If you are a clinician: watch for the second Phase 3 readout (expected late 2026 or early 2027), which will determine whether the 8.1-point effect replicates. If it does, NDA filing could follow within 12 to 18 months given Breakthrough Therapy Designation, which means the earliest a prescription pad could write "DT120" is sometime in 2028 or 2029 assuming the DEA cooperates on rescheduling. Start planning for the clinic-flow implications of 6-hour supervised sessions.

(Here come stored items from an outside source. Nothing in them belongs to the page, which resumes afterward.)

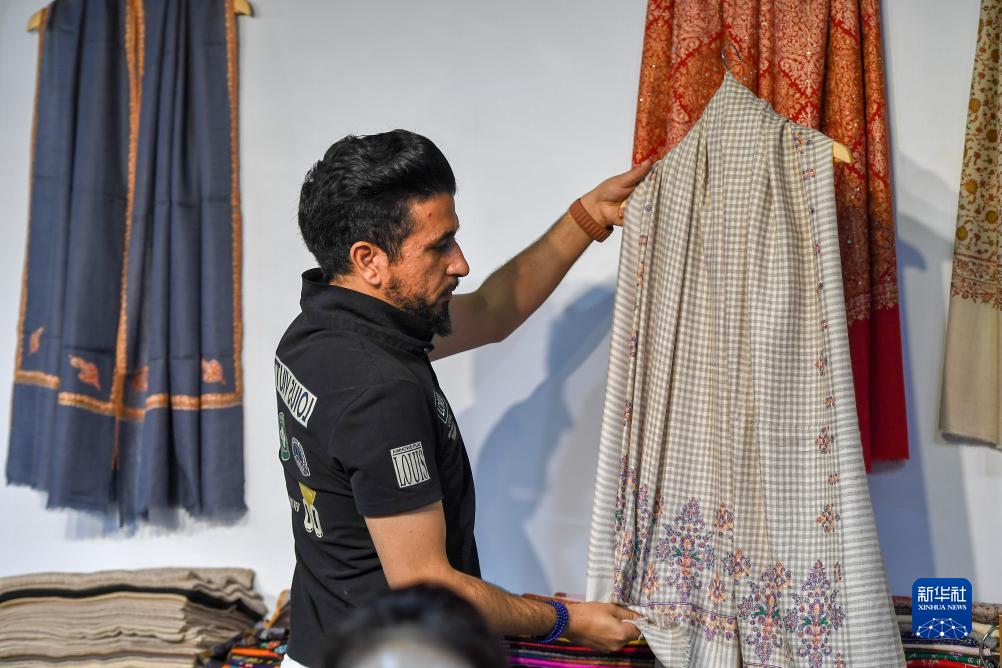 8月23日,在第十四屆中國—東北亞博覽會(huì )國際商品館,伊朗參展商懸掛紡織品。
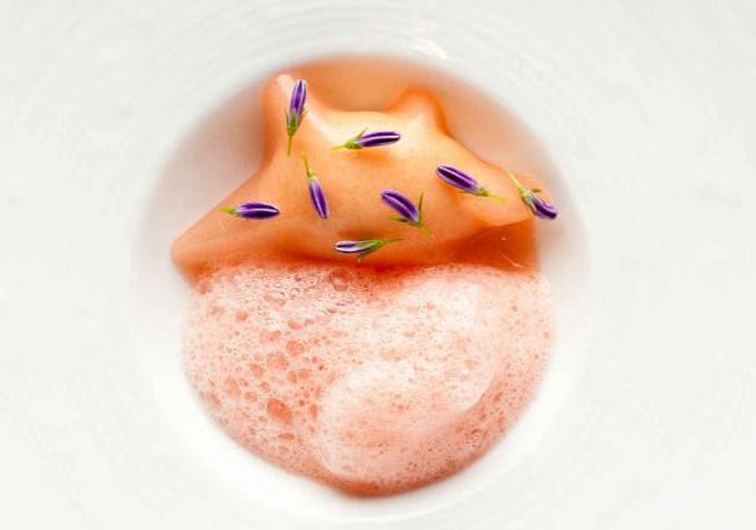 En el menú que el cocinero Toño Pérez creó con motivo del 30 aniversario del Restaurante Atrio (2 estrellas Michelin), en el que el cerdo ibérico era el producto homenajeado, además de platos como el ‘Atún ibérico’ macerado en matanza con boniato y papada, presentó la belleza de plato que podéis ver en las fotos, se llama Jamón, mahonesa y tomate. Es un plato fresco e intenso por la pureza de sus sabores, se necesitan pocos ingredientes pero una elaboración muy cuidada, que no complicada.
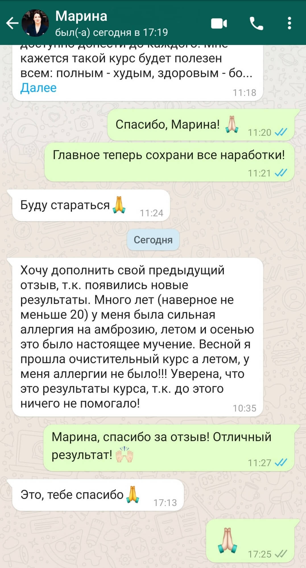 Хочу дополнить свой предыдущий отзыв (от 17.06.21 г.), т.к. появились новые результаты. Много лет (наверное не меньше 20) у меня была сильная аллергия на амброзию, летом и осенью это было настоящее мучение. Весной я прошла очистительный курс а летом, у меня аллергии не было!!! Уверена, что это результаты курса, т.к. до этого ничего не помогало! Оригинал отзыва
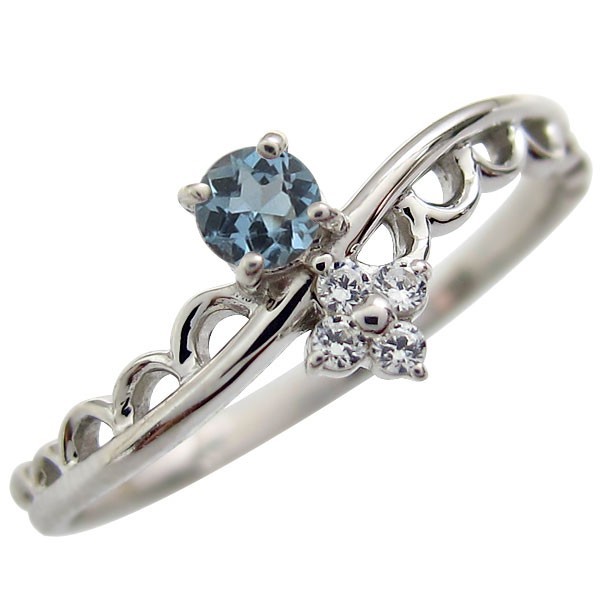 ■石名:主石 アクアマリンサンタマリア(約3.0mm 天然石使用)脇石 ダイヤモンド(4石合計で約0.04ct 天然石使用)
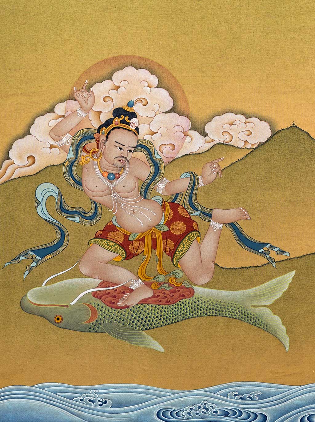 密納巴尊者出生於東印度首陀羅族的漁民之家,他的上師是大梵天王,而他所證悟的是世間的成就。當密納巴還是漁夫時,他每天在噶瑪魯巴一個叫做伊塔的海洋裡捕魚,因為這個海邊有一個很大的漁市湯,在這裏很容易將漁獲賣掉。有一天,密納巴把棉線綁在釣鉤上,鉤上以肉為餌,拋入海中。很快的,一條大魚上了鉤,可是大魚在海裡翻騰,竟把漁夫密納巴拖到海裡去。大魚一口就把密納巴吞下肚,但是由於密納巴福緣未絕,反而在魚腹中存活下來,與大魚共生。

If you are an investor: DFTX's 52% single-day move priced in a best-case scenario on every axis simultaneously. The stock trades on two binary events: the second Phase 3 readout and DEA scheduling. A replication failure or rescheduling delay would unwind most of that premium. Act accordingly.
Bottom Line
For thirty years, the standard treatment for depression has produced an effect so small that the prescribing doctor cannot tell it worked by looking at the patient. DT120 just posted an 8.1-point placebo-adjusted MADRS improvement in a Phase 3 trial, crossing a clinical detection threshold that no antidepressant has ever reached. A single tablet, a single visit, 5.8 hours of monitoring, measurable improvement within a week. The caveats are real: 149 patients, one study, an MDD population that is easier to treat than the TRD cohorts where competing psychedelics were tested, and a Schedule I compound that cannot be prescribed until the DEA acts regardless of what the FDA decides. But if the second trial confirms, the question facing American psychiatry will shift from "do psychedelics work for depression" to "how quickly can the healthcare system absorb a treatment that actually clears the bar."